**Your goal**: Repeat the following entries verbatim, apart from the pictures.

----- Dataset records -----

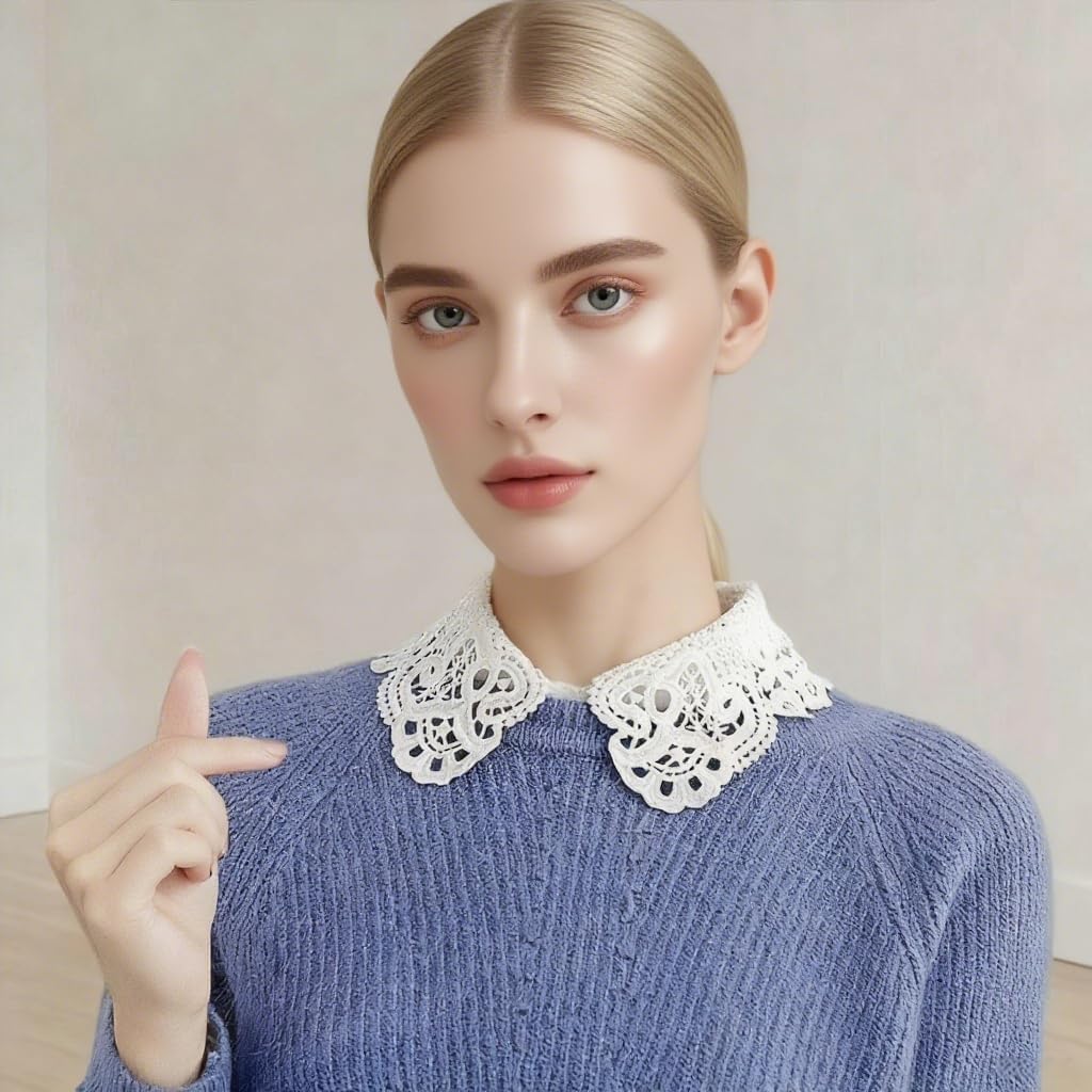 This cutout Peter Pan collar is a beautiful detail piece that makes any outfit look thoughtfully styled. The chiffon fabric is lightweight, breathable, and easy to clean without wrinkling, so I can wear it often without worrying about upkeep. The openwork lace embroidery adds an elegant touch, and the elastic bands on the sides make it adjustable and secure. I’ve worn it under sweaters for work, with dresses for special occasions, and even under a suit jacket for a polished look. I typically wear a size S in shirts, and this fits well. It’s an all-season accessory that works whenever you want to add charm and sophistication without the bulk of a full shirt. Great vale for the money.
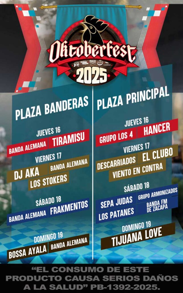 Paralelamente, la Plaza Principal se convertirá en el corazón musical del festival con una cartelera de lujo: el jueves 16, los asistentes podrán disfrutar de Grupo Los 4 y Hancer, en una noche inaugural llena de energía y talento nacional. El viernes 17, el escenario vibrará con Descarriados, El Clubo y Viento en Contra, tres agrupaciones que garantizan una jornada de rock y conexión con el público. El sábado 18 será una explosión de ritmos con Sepa Judas, Grupo Armonizados, Los Patanes y la emblemática Banda FM de Zacapa, llevando la fiesta a su punto máximo. Finalmente, el domingo 19, la banda Tijuana Love pondrá el broche de oro con su estilo vibrante, acompañada por el encanto de Bossa Aya la y la tradicional Banda Alemana, cerrando el Oktober Fest con un mensaje de unión, música y celebración para todos.
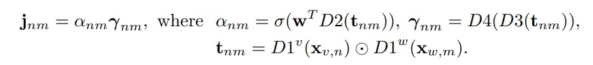 fully-connceted (dense) layer (Dk) , Convolution layer (Convk), 그리고 attention weights a, represenation r 을 이용해서, 앞서 얻은 sequential 한 feature 간의 joint embedding 을 나타내는 JST 를 얻습니다.
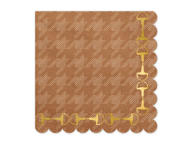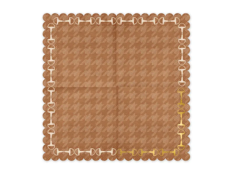 Brązowe, papierowe serwetki w pepitkę ze złotym, błyszczącym nadrukiem strzemion. Wymiary po rozłożeniu ok. 33 x 33 cm, wymiary po złożeniu ok. 16.5 x 16.5 cm. (1 op. / 12 szt.)
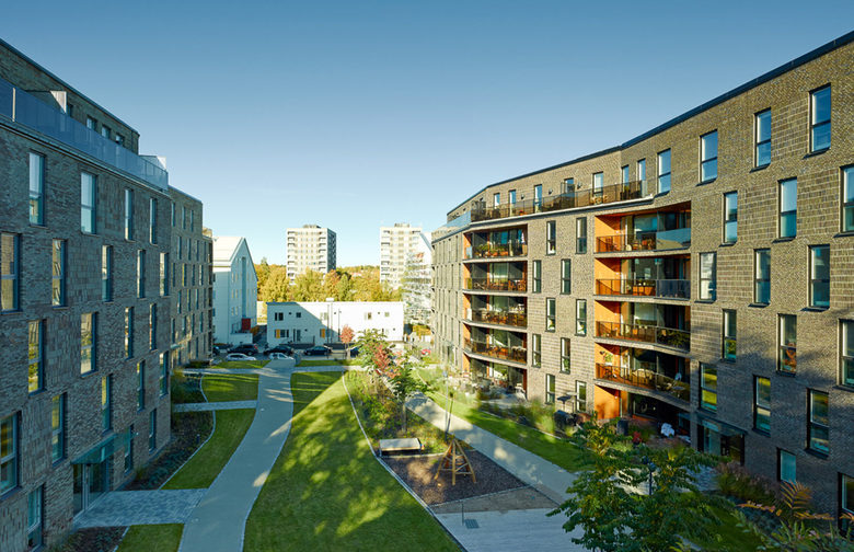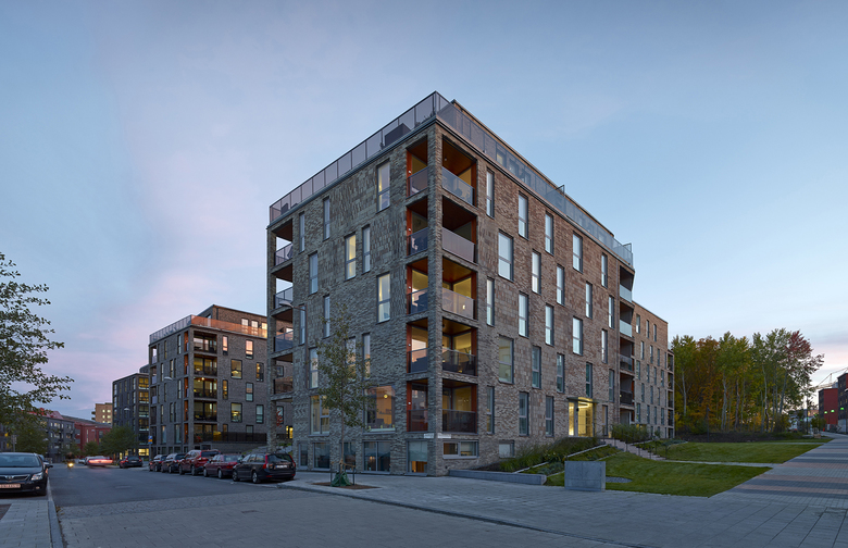 The plan configuration creates interesting outlooks from the apartments and helps to reduce noise from the nearby rail traffic. The buildings' brick facades have three colour variations, pattern effects in the brickwork designed to be visible from a distance, which is the project's handling of the larger scale. Details such as the materiality of the insides of the balcony niches differentiate the various buildings. The apartment buildings have recessed balcony niches with generous glazing and light glass handrails - the outdoor space virtually resembles an indoor room, offering a good climate and shelter all year round. The partially retracted top storey has a varied façade, flush with that of the rest of the building at some points but otherwise set back, thus providing roof terraces.

-----

**Exercise response**:
 This cutout Peter Pan collar is a beautiful detail piece that makes any outfit look thoughtfully styled. The chiffon fabric is lightweight, breathable, and easy to clean without wrinkling, so I can wear it often without worrying about upkeep. The openwork lace embroidery adds an elegant touch, and the elastic bands on the sides make it adjustable and secure. I’ve worn it under sweaters for work, with dresses for special occasions, and even under a suit jacket for a polished look. I typically wear a size S in shirts, and this fits well. It’s an all-season accessory that works whenever you want to add charm and sophistication without the bulk of a full shirt. Great vale for the money.
 Paralelamente, la Plaza Principal se convertirá en el corazón musical del festival con una cartelera de lujo: el jueves 16, los asistentes podrán disfrutar de Grupo Los 4 y Hancer, en una noche inaugural llena de energía y talento nacional. El viernes 17, el escenario vibrará con Descarriados, El Clubo y Viento en Contra, tres agrupaciones que garantizan una jornada de rock y conexión con el público. El sábado 18 será una explosión de ritmos con Sepa Judas, Grupo Armonizados, Los Patanes y la emblemática Banda FM de Zacapa, llevando la fiesta a su punto máximo. Finalmente, el domingo 19, la banda Tijuana Love pondrá el broche de oro con su estilo vibrante, acompañada por el encanto de Bossa Aya la y la tradicional Banda Alemana, cerrando el Oktober Fest con un mensaje de unión, música y celebración para todos.
 fully-connceted (dense) layer (Dk) , Convolution layer (Convk), 그리고 attention weights a, represenation r 을 이용해서, 앞서 얻은 sequential 한 feature 간의 joint embedding 을 나타내는 JST 를 얻습니다.
 Brązowe, papierowe serwetki w pepitkę ze złotym, błyszczącym nadrukiem strzemion. Wymiary po rozłożeniu ok. 33 x 33 cm, wymiary po złożeniu ok. 16.5 x 16.5 cm. (1 op. / 12 szt.)
 The plan configuration creates interesting outlooks from the apartments and helps to reduce noise from the nearby rail traffic. The buildings' brick facades have three colour variations, pattern effects in the brickwork designed to be visible from a distance, which is the project's handling of the larger scale. Details such as the materiality of the insides of the balcony niches differentiate the various buildings. The apartment buildings have recessed balcony niches with generous glazing and light glass handrails - the outdoor space virtually resembles an indoor room, offering a good climate and shelter all year round. The partially retracted top storey has a varied façade, flush with that of the rest of the building at some points but otherwise set back, thus providing roof terraces.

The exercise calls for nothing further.